Many others have had a go at defining it. James Laver, curator at the Victoria and Albert Museum in London (1922-1958), wrote: An advertisement is "any device which first arrests the attention of the passer-by and then induces him to accept a mutually advantageous exchange." The selling point of his definition is its focus on advertising's antiquity and universality in human culture. Although this includes the open-air markets in villages all over the developing world as well as the walls of the ancient cities of Herculaneum and Pompeii, it is not precise enough to exclude the relationship of bees and flowers.

In 1905, John E Kennedy, a former Royal Canadian Mounted Policeman turned copywriter, called it salesmanship in print. His definition focused on the transformation of face-to-face commerce into a mass-mediated effort at the same thing. Were he writing today, he would probably want to call it salesmanship through mediated communication in order to include radio, TV, cable, and now the Internet, each of which has successively become the primary medium for communication between sellers and potential buyers.
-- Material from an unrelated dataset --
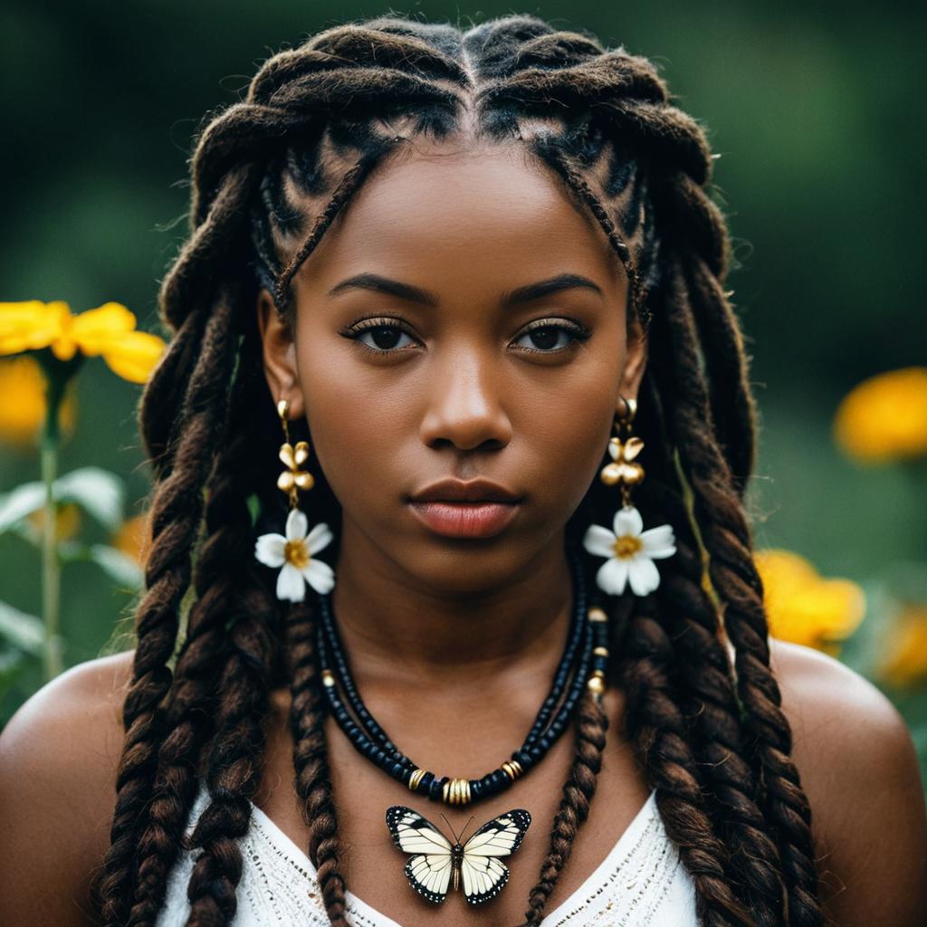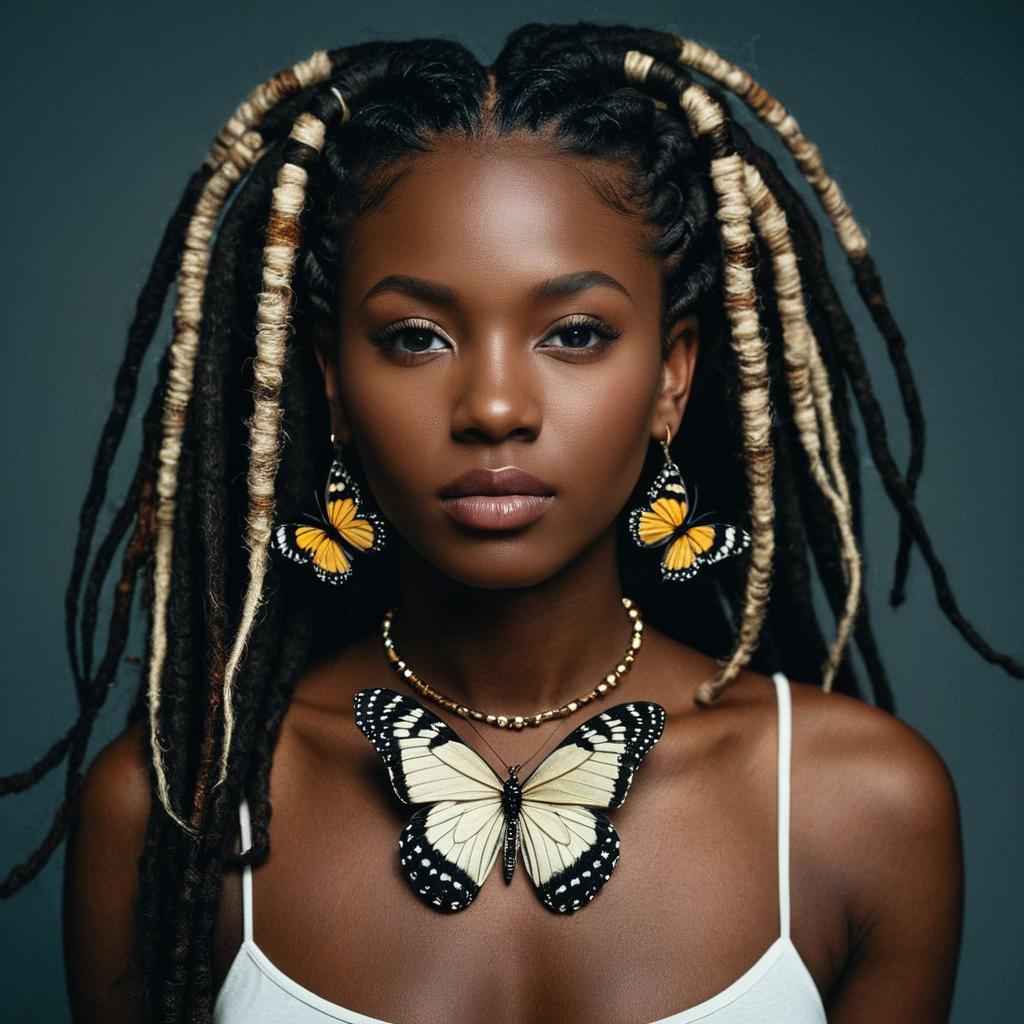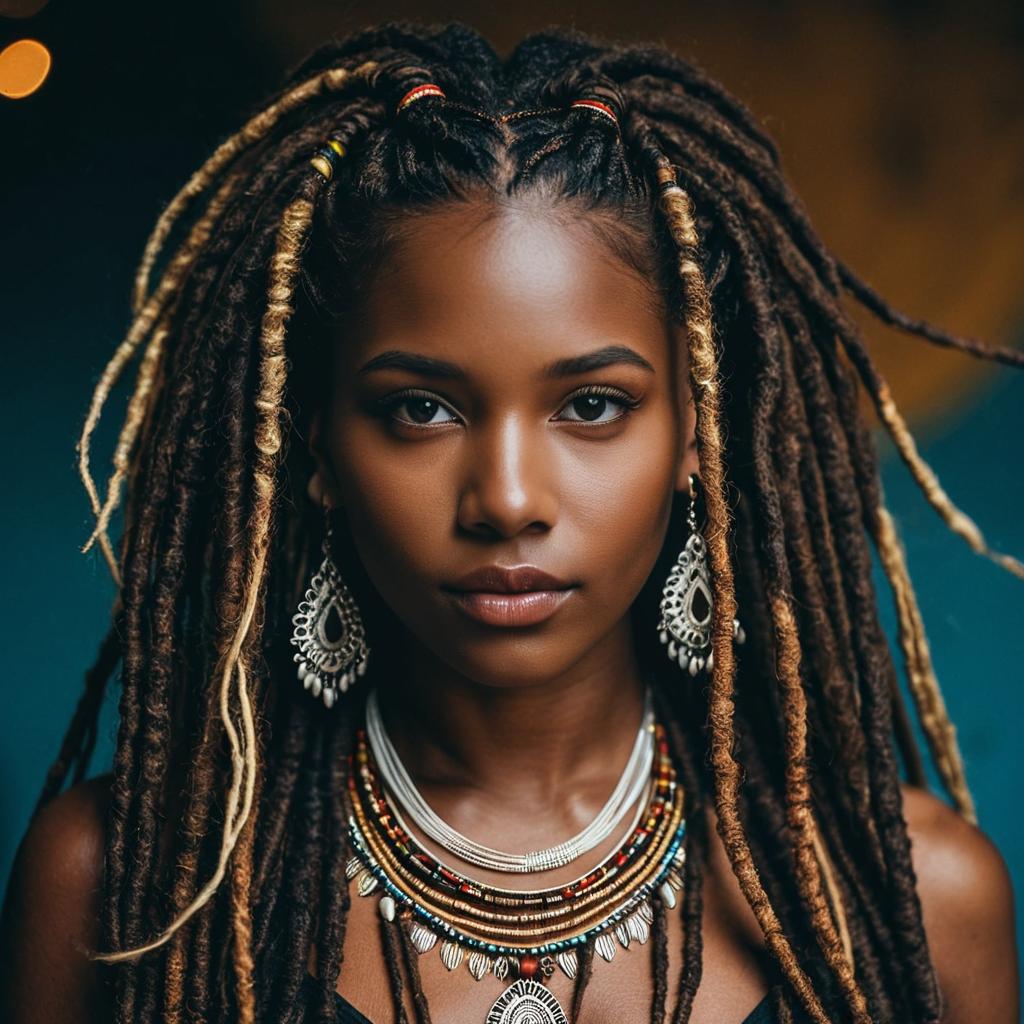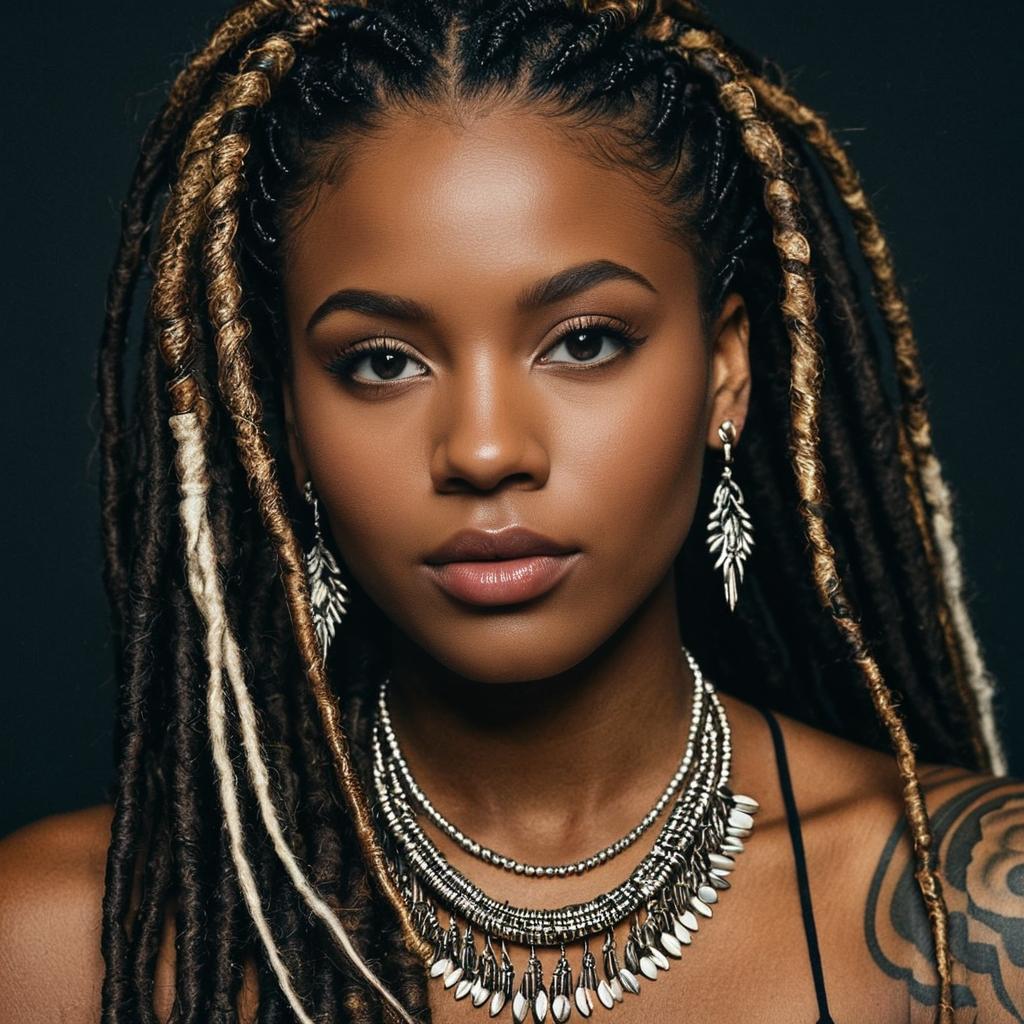 Short knotless braids beads,1girl, solo, jewelry, necklace, dreadlocks, realistic, looking at viewer, dark skin, dark-skinned female, long hair, strapless, lips, very dark skin, upper body, multiple braids, forehead, bare shoulders, brown hair

What precisely did Williams mean when he called advertising the official art of capitalist society? First, he wanted to recognize that modern advertising rose hand-in-hand with the industrial revolution and the era of mass consumption. Indeed, American advertising emerged around 1875, first in New York and Philadelphia, as clever entrepreneurs offered first to take ads from stores to newspaper offices (because many newspapers required fresh copy daily) and then to help by writing the copy itself. From there sprang the global commercial communications of today.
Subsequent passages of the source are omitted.